* _EXERCISE REQUIREMENTS_
While leaving the pictures out, set down only the lines from the one with "ベンレート+メネデール水に一日浸した後に種まき用土にお試しで5つ播種" through the end of the records, exactly as they stand.

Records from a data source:
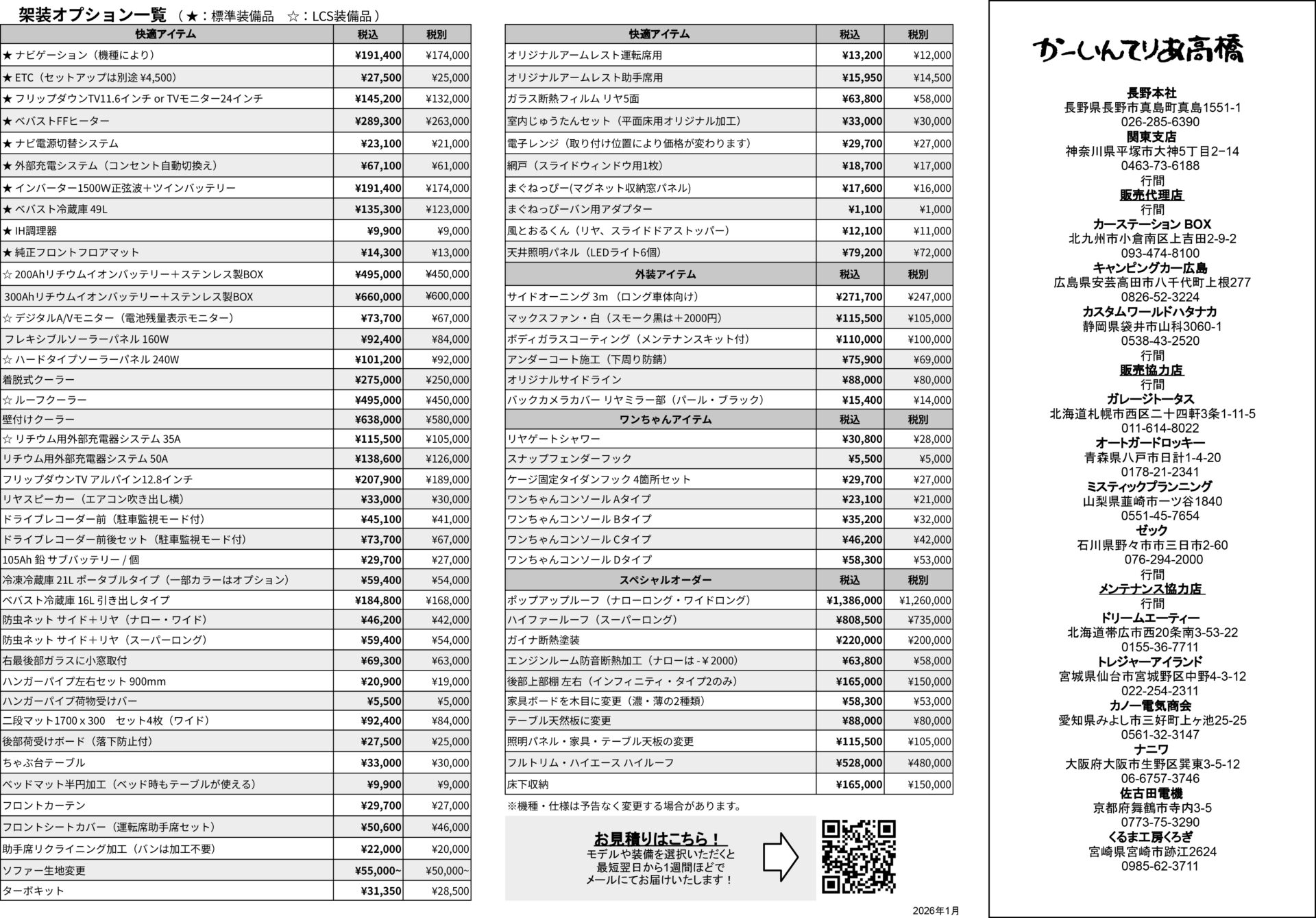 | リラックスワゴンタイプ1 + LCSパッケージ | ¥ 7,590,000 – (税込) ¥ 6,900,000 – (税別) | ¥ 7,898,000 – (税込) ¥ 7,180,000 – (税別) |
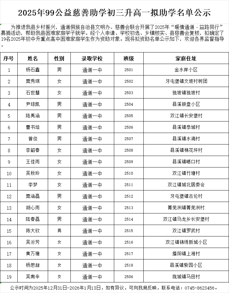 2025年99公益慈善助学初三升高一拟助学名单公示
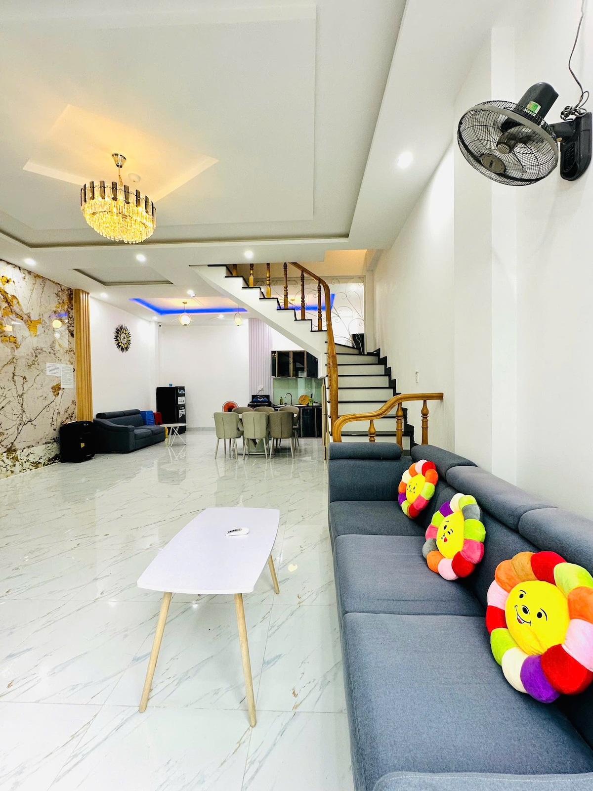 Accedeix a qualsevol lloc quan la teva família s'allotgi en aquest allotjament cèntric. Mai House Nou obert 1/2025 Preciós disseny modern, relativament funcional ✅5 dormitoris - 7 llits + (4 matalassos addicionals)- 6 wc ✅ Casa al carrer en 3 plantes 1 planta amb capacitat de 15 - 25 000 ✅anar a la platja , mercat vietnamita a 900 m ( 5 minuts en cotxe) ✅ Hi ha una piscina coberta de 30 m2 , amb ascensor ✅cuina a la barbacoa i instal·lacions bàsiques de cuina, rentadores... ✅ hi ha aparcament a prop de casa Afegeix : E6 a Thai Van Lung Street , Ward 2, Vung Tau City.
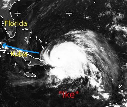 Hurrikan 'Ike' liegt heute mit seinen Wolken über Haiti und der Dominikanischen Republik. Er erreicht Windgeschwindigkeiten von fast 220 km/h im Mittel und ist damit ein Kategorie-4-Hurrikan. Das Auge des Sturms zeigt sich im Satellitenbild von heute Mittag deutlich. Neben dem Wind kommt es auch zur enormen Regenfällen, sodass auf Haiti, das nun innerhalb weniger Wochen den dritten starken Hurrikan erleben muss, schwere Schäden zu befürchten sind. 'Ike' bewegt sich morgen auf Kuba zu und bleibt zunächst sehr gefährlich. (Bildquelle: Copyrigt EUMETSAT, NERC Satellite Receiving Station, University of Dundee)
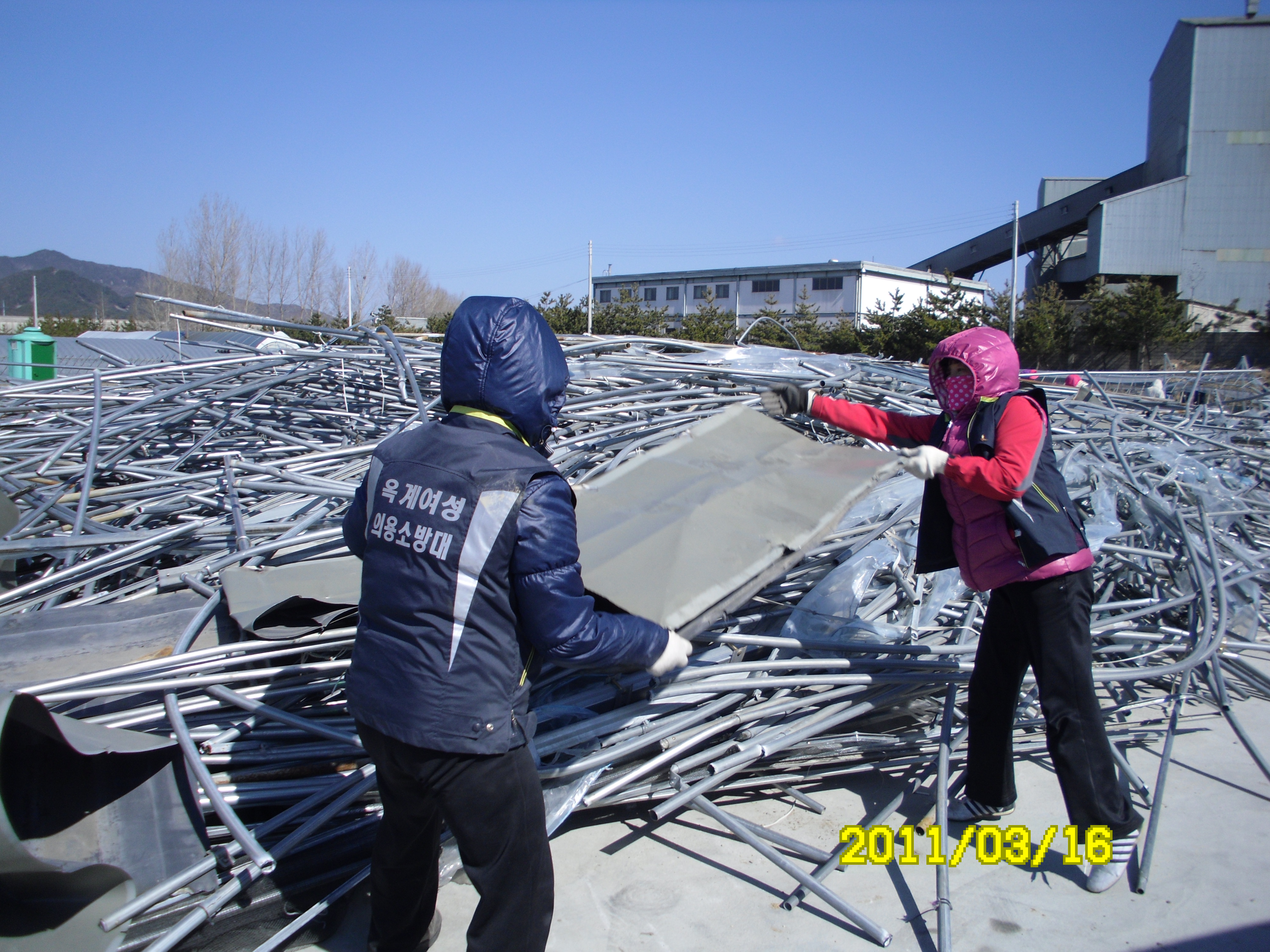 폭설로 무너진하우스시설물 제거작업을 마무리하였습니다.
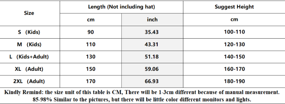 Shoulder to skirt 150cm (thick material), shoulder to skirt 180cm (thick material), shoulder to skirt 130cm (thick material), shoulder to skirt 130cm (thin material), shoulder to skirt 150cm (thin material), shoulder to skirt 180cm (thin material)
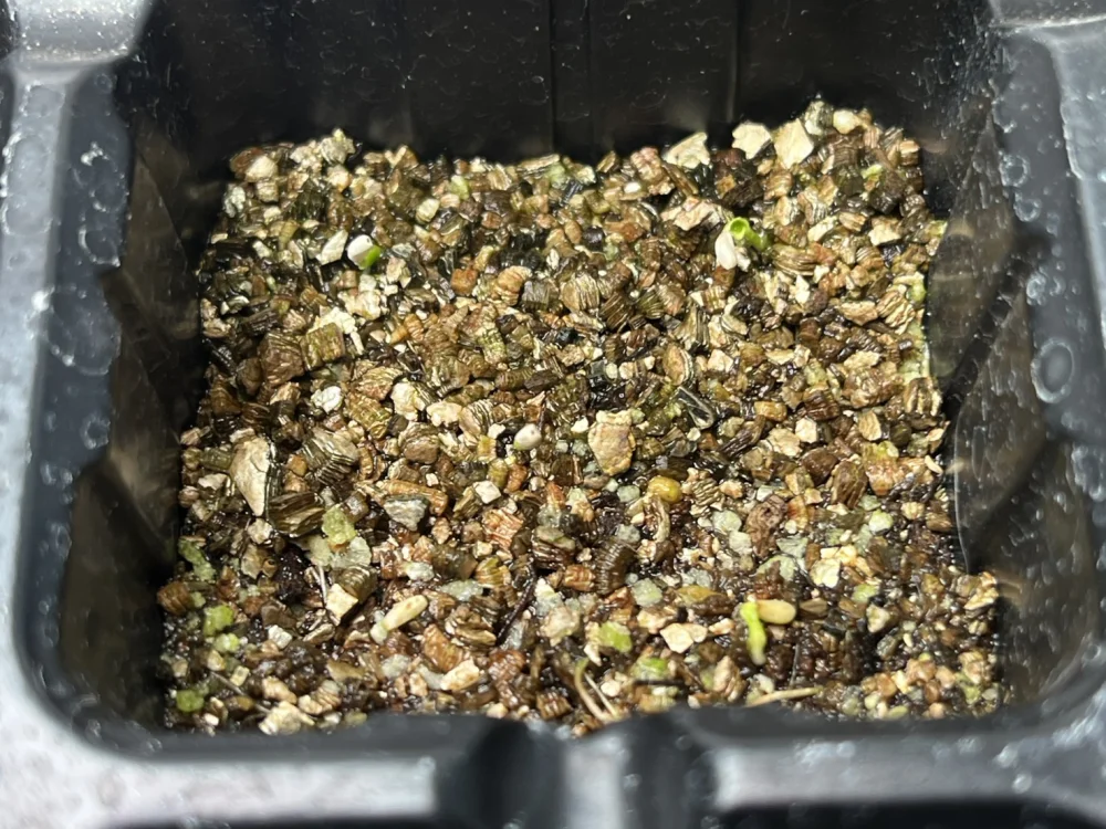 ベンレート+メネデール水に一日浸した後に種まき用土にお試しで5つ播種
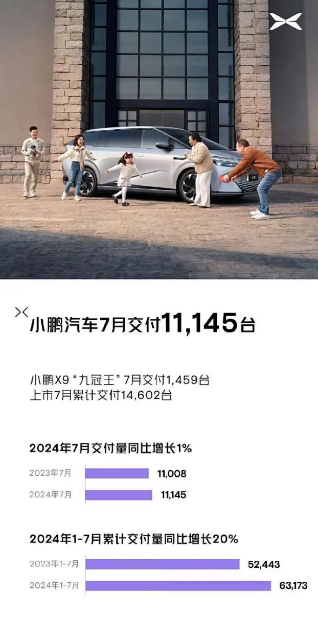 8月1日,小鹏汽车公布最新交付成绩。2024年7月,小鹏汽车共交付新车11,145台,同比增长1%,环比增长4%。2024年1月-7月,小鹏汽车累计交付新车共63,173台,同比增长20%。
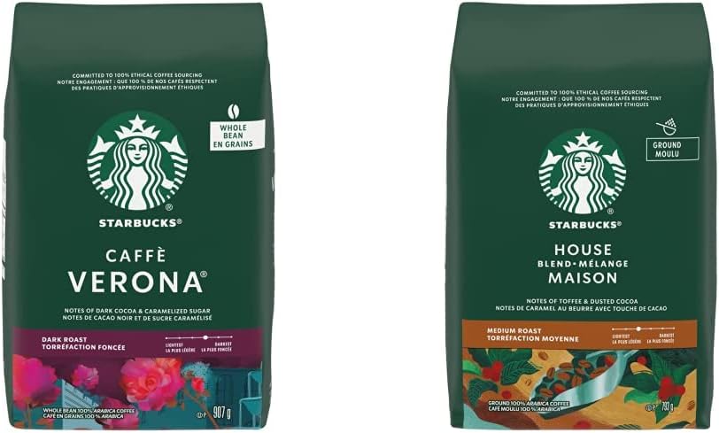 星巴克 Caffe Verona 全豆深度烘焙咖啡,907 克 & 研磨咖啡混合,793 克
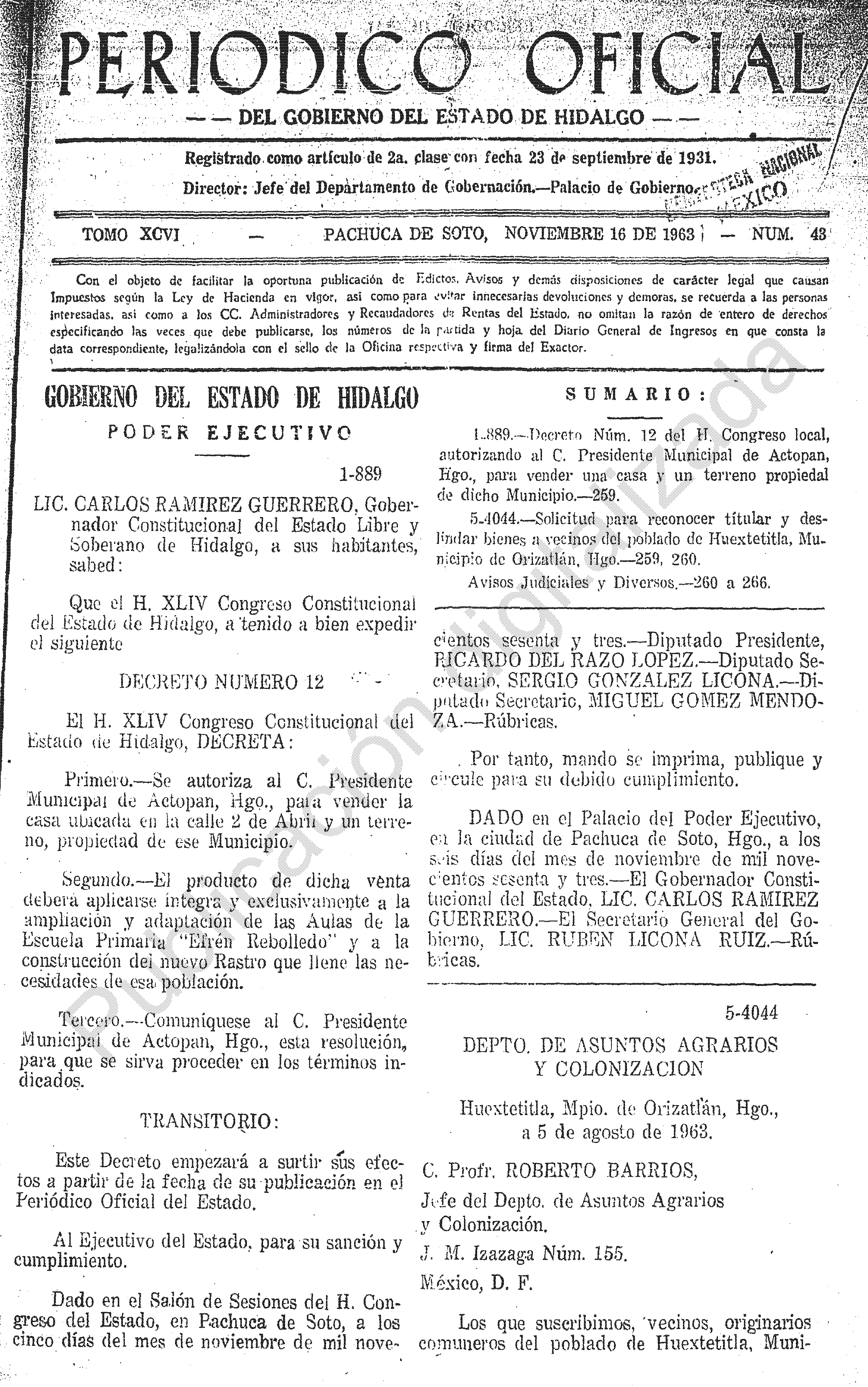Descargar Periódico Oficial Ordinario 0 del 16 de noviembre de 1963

* _RESPONSE AREA_
 ベンレート+メネデール水に一日浸した後に種まき用土にお試しで5つ播種
 8月1日,小鹏汽车公布最新交付成绩。2024年7月,小鹏汽车共交付新车11,145台,同比增长1%,环比增长4%。2024年1月-7月,小鹏汽车累计交付新车共63,173台,同比增长20%。
 星巴克 Caffe Verona 全豆深度烘焙咖啡,907 克 & 研磨咖啡混合,793 克
Descargar Periódico Oficial Ordinario 0 del 16 de noviembre de 1963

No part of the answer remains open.